Penutupan workshop tersebut ditandai dengan pemberian cendera mata dan piagam penghargaan dari panitia pelaksana kepada para narasumber pada pukul 16.00 WIB. 

Penyerahan cendra mata diserahkan oleh Kepala MAN Insan Cendekia Aceh Timur, Shulfan, S.Ag., M.Sc dan Ketua Forum Penulis Kemenag Aceh Timur (FPeKAT) Syarifuddin S. Malem, S.Pd.I., M.Pd.
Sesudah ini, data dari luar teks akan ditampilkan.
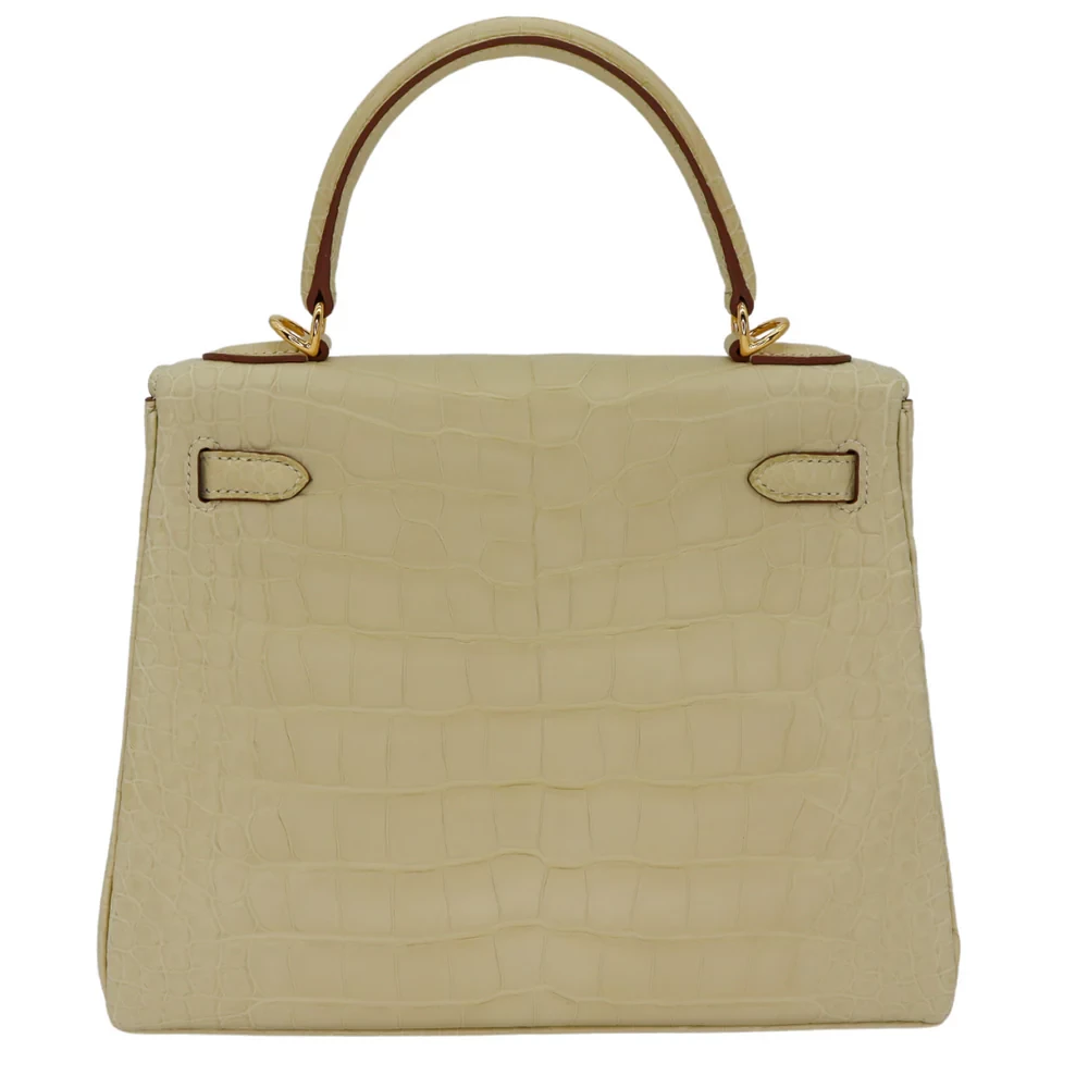 1:1 Hermès Replica – Kelly 25 Retourne Vanille Matte Alligator Gold HW

Dalam kesempatan tersebut ketua Panitia Pelaksana, Najalaili, S.Ag., M.Pd, menjelaskan, pihaknya sangat berbahagia atas suksesnya kegiatan workshop SAGUSABU dan Mengucapkan ribuan terima kasih kepada semua pihak yang telah mendukung kegiatan Workshop ini.

“Atas nama pribadi dan penyelenggara saya mengucapkan terima kasih kepada pemateri, peserta serta pihak-pihak lain yang telah mendukung sehingga workshop ini sukses tanpa hambatan suatu apa pun”, ungkap Naja dengan nada bahagia.

Sementara itu, salah seorang peserta, Nuraini, M.Pd dari MTsN Simpang Ulim pada saat dimintai kesan dan pesan memperlihatkan ketakjubannya kepada pemateri yang telah berhasil mengubah mindset peserta dari ragu-ragu akan kemampuan menulis menjadi optimis bisa menulis.

“Mula-mula kami pesimis, masak sih dalam 2 hari mampu menulis" jelas Nuraini. 

"Namun dengan piawainya pemateri mampu membangun optimisme pada diri semua peserta”, imbuhnya.

Seperti diberitakan sebelumnya, workshop 2 hari tentang Teknik Penulisan Buku telah dibuka oleh Kepala Kantor Kemenag Aceh Timur, Salman, S.Pd., M.Ag pada Sabtu (22/1/2022).

SAGUSABU merupakan singkatan dari Satu Guru Satu Buku, menggambarkan target yang ingin dicapai melalui workshop tersebut. 

Kegiatan yang berlangsung di aula pertemuan MAN Insan Cendekia itu dipandu oleh nara sumber ternama yaitu Wiwik Puspitasari, M.Pd dan Dra. Nuraeni, M.Pd. Keduanya merupakan Instruktur Nasional MediaGuru.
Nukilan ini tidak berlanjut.